WHAT IS NEEDED >> Your job is to print, exactly, the lines in the data below from the line with "CHAK 135/A | |||" through the line with "Notre décoration murale", both included, and to omit any picture.

===== SOURCE MATERIAL

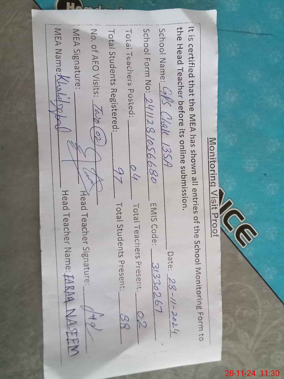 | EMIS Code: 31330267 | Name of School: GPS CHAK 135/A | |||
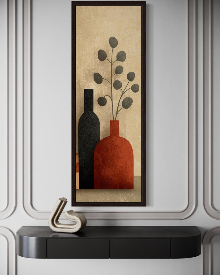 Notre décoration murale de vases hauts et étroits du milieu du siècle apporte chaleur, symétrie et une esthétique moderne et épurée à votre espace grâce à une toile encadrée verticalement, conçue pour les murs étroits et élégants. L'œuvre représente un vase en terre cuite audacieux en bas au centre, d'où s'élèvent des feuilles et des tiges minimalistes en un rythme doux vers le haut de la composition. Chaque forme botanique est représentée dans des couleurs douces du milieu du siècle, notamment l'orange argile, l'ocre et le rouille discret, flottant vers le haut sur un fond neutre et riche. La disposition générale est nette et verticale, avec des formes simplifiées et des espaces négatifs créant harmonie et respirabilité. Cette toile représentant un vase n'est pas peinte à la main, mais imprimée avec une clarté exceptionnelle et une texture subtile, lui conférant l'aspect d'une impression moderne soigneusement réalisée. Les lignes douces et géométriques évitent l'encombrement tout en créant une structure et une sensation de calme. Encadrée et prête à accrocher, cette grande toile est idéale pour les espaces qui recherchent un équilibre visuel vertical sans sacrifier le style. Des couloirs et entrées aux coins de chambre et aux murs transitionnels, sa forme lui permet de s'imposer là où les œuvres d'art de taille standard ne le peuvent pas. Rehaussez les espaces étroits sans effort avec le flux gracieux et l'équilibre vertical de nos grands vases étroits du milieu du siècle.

==========
===== SOURCE MATERIAL

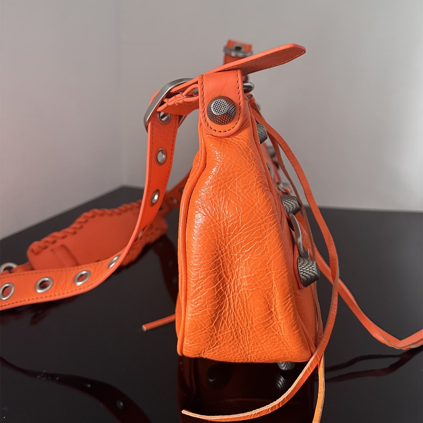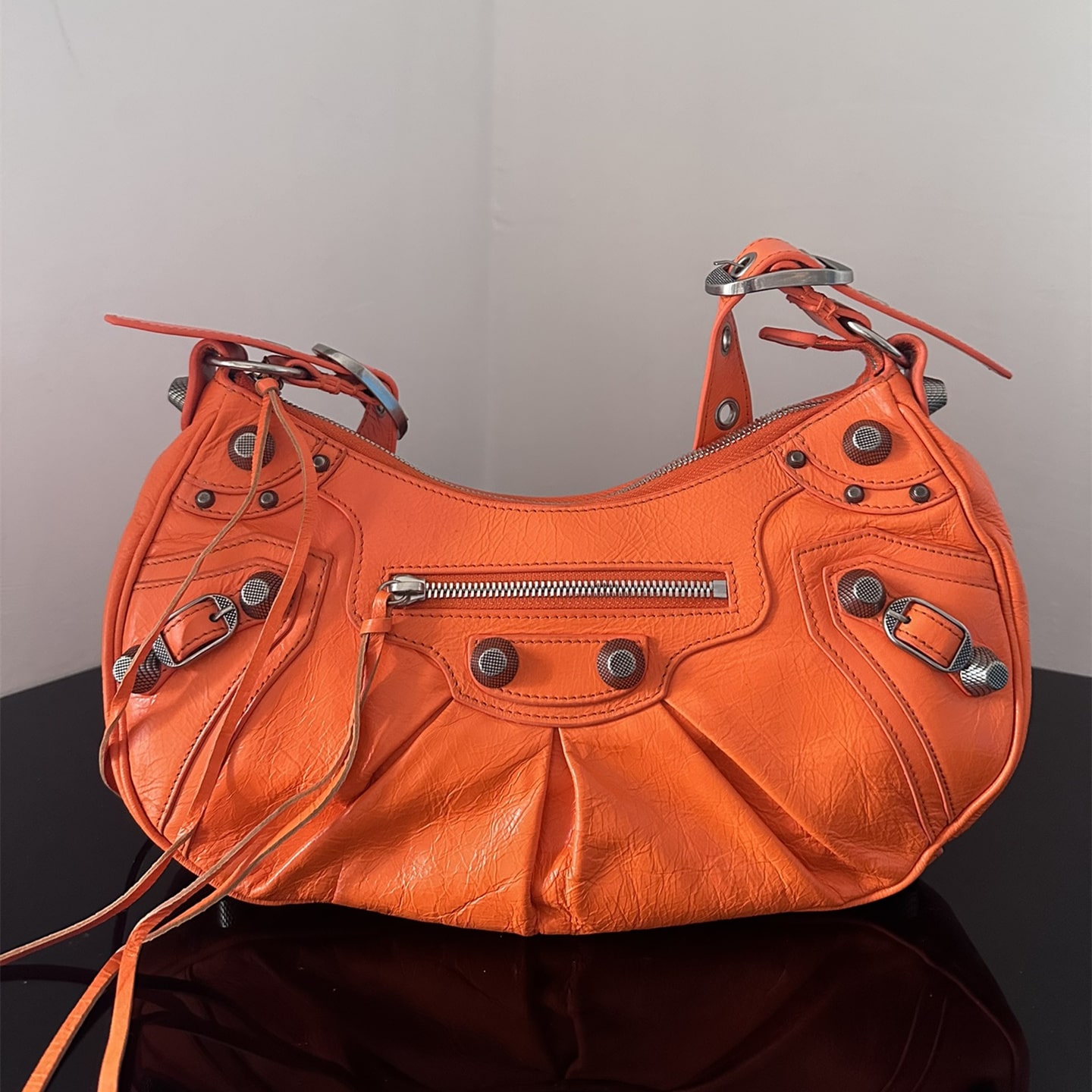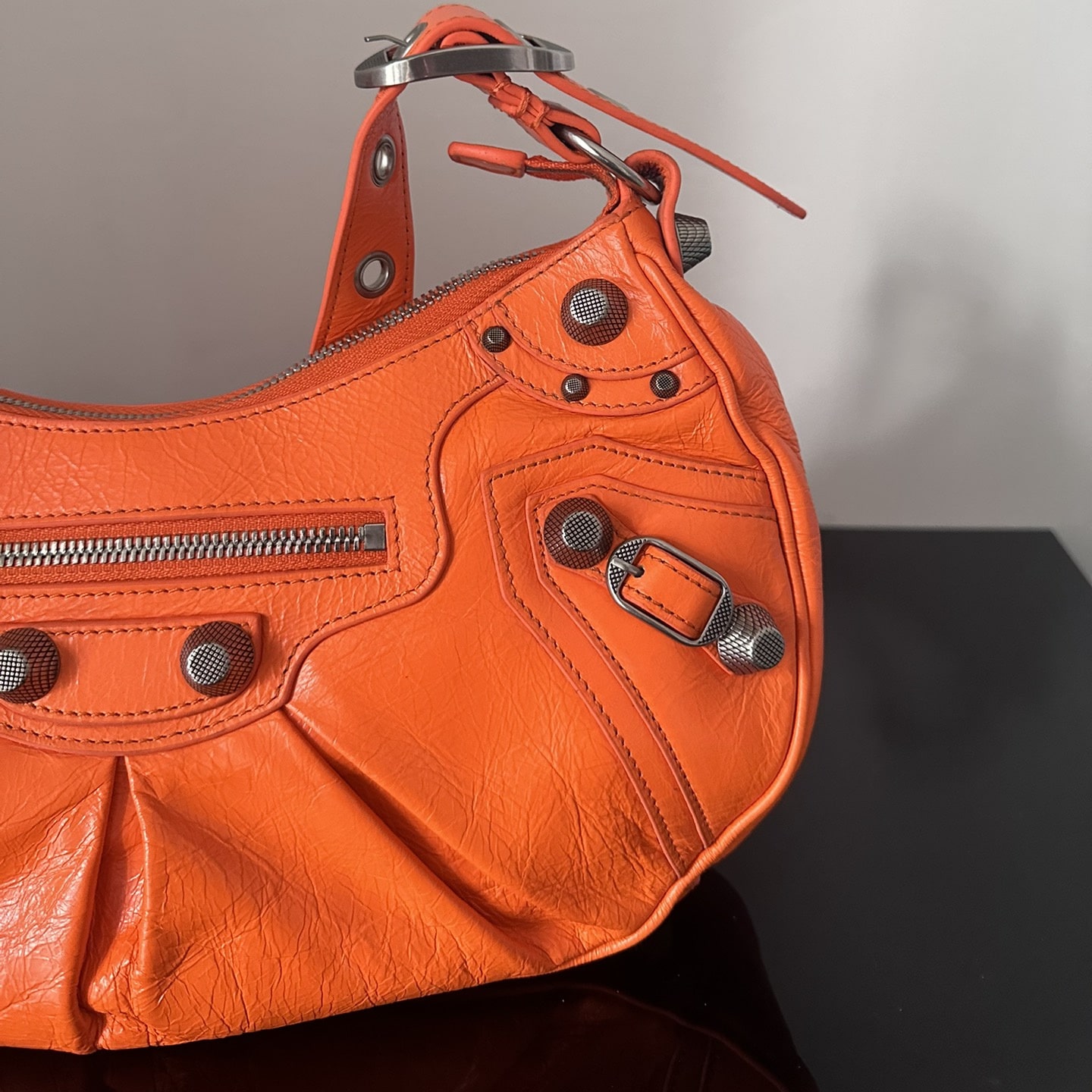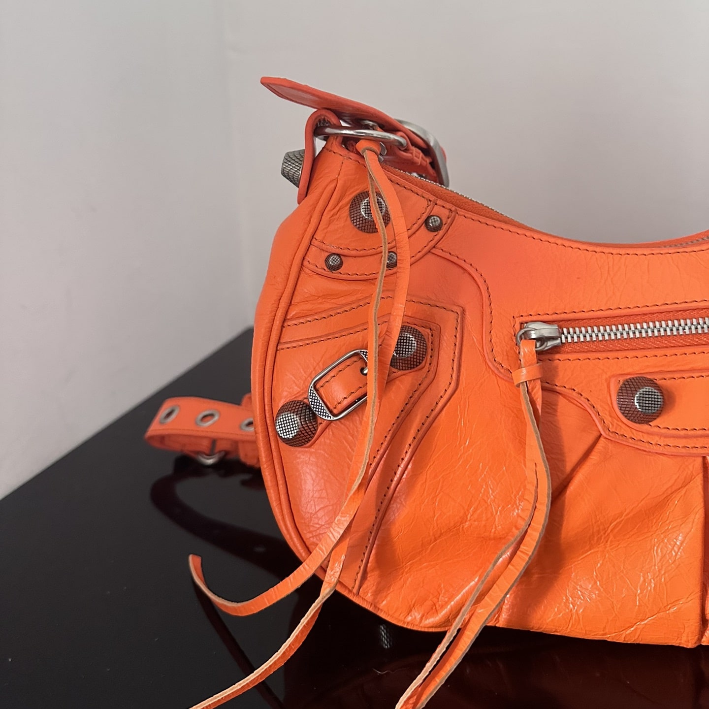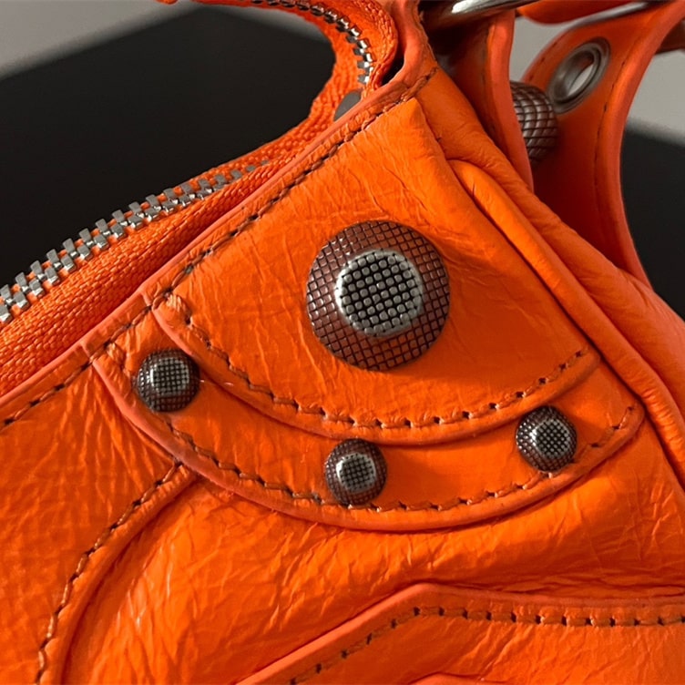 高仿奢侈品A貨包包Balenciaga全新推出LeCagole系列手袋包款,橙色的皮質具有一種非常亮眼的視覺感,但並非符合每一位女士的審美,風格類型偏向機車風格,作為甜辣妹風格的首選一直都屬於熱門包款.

==========

RESULT OF THE TASK >>
 | EMIS Code: 31330267 | Name of School: GPS CHAK 135/A | |||
 Notre décoration murale de vases hauts et étroits du milieu du siècle apporte chaleur, symétrie et une esthétique moderne et épurée à votre espace grâce à une toile encadrée verticalement, conçue pour les murs étroits et élégants. L'œuvre représente un vase en terre cuite audacieux en bas au centre, d'où s'élèvent des feuilles et des tiges minimalistes en un rythme doux vers le haut de la composition. Chaque forme botanique est représentée dans des couleurs douces du milieu du siècle, notamment l'orange argile, l'ocre et le rouille discret, flottant vers le haut sur un fond neutre et riche. La disposition générale est nette et verticale, avec des formes simplifiées et des espaces négatifs créant harmonie et respirabilité. Cette toile représentant un vase n'est pas peinte à la main, mais imprimée avec une clarté exceptionnelle et une texture subtile, lui conférant l'aspect d'une impression moderne soigneusement réalisée. Les lignes douces et géométriques évitent l'encombrement tout en créant une structure et une sensation de calme. Encadrée et prête à accrocher, cette grande toile est idéale pour les espaces qui recherchent un équilibre visuel vertical sans sacrifier le style. Des couloirs et entrées aux coins de chambre et aux murs transitionnels, sa forme lui permet de s'imposer là où les œuvres d'art de taille standard ne le peuvent pas. Rehaussez les espaces étroits sans effort avec le flux gracieux et l'équilibre vertical de nos grands vases étroits du milieu du siècle.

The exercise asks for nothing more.